Beyond steroids, Robinson annulation is used for: - Terpene synthesis: 6-membered rings of mono- and sesquiterpenes (limonene-style, but more elaborate). - Alkaloid synthesis: tropinone (Robinson's original application), morphine intermediates, codeine. - Natural product synthesis: a reaction featured in textbook problems and real syntheses alike.

Take-home

  • The steroid skeleton has four fused rings (three 6-membered + one 5-membered).
  • Robinson annulation builds 6-membered rings via Michael + intramolecular aldol + dehydration.

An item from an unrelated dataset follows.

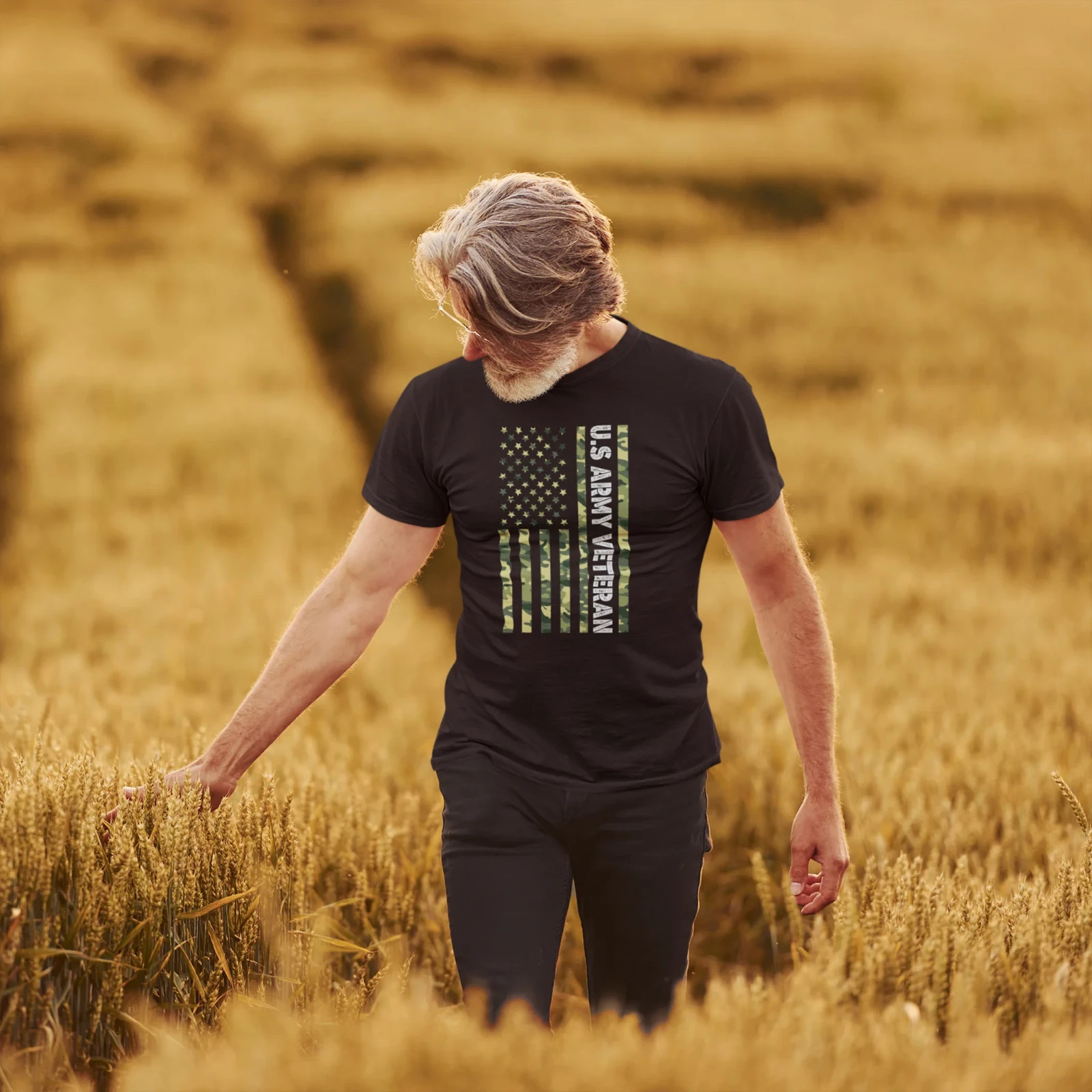 This US Army veteran Text Printed T-Shirt for men is perfect for showing your pride and support for our military veterans. Made from high-quality materials, this t-shirt is comfortable and durable. Its bold text design makes a statement and is great for everyday wear or special occasions. Overview: This heavy cotton tee is the basic staple of any wardrobe. It is the foundation upon which casual fashion grows. The specially spun fibers provide a smooth surface for premium printing vividity and sharpness. No side seams mean there are no itchy interruptions under the arms. The shoulders have tape for improved durability. Fabric: Made with medium fabric (5.3 oz/yd² (180 g/m²)) consisting of 100% cotton for year-round comfort that is sustainable and highly durable. Fabric blends: Solid colors are 100% cotton; If there are Heather colors and Tweed these are 50% cotton, 50% polyester; Sport Grey and Antique colors are 90% cotton, 10% polyester. Fit: The classic fit of this shirt ensures a comfy, relaxed wear while the crew neckline adds that neat, timeless look that can blend into any occasion, casual or semi-formal.

  • The Wieland-Miescher ketone is a fused 6-6 bicyclic enone made by Robinson; it is the universal steroid synthesis precursor.
  • Asymmetric Robinson (with proline or other chiral organocatalysts) gives enantiomerically enriched steroid building blocks.
  • Robinson's Nobel-winning work on tropinone (alkaloid) and Woodward's Nobel-winning cortisone synthesis both relied on Robinson annulation.
  • Modern steroid drug manufacture combines total/semi/biosynthetic approaches; Robinson plays a key role.
  • Mastery of Chapter 29 (Michael + Robinson) is essential for understanding natural product synthesis and pharmaceutical chemistry.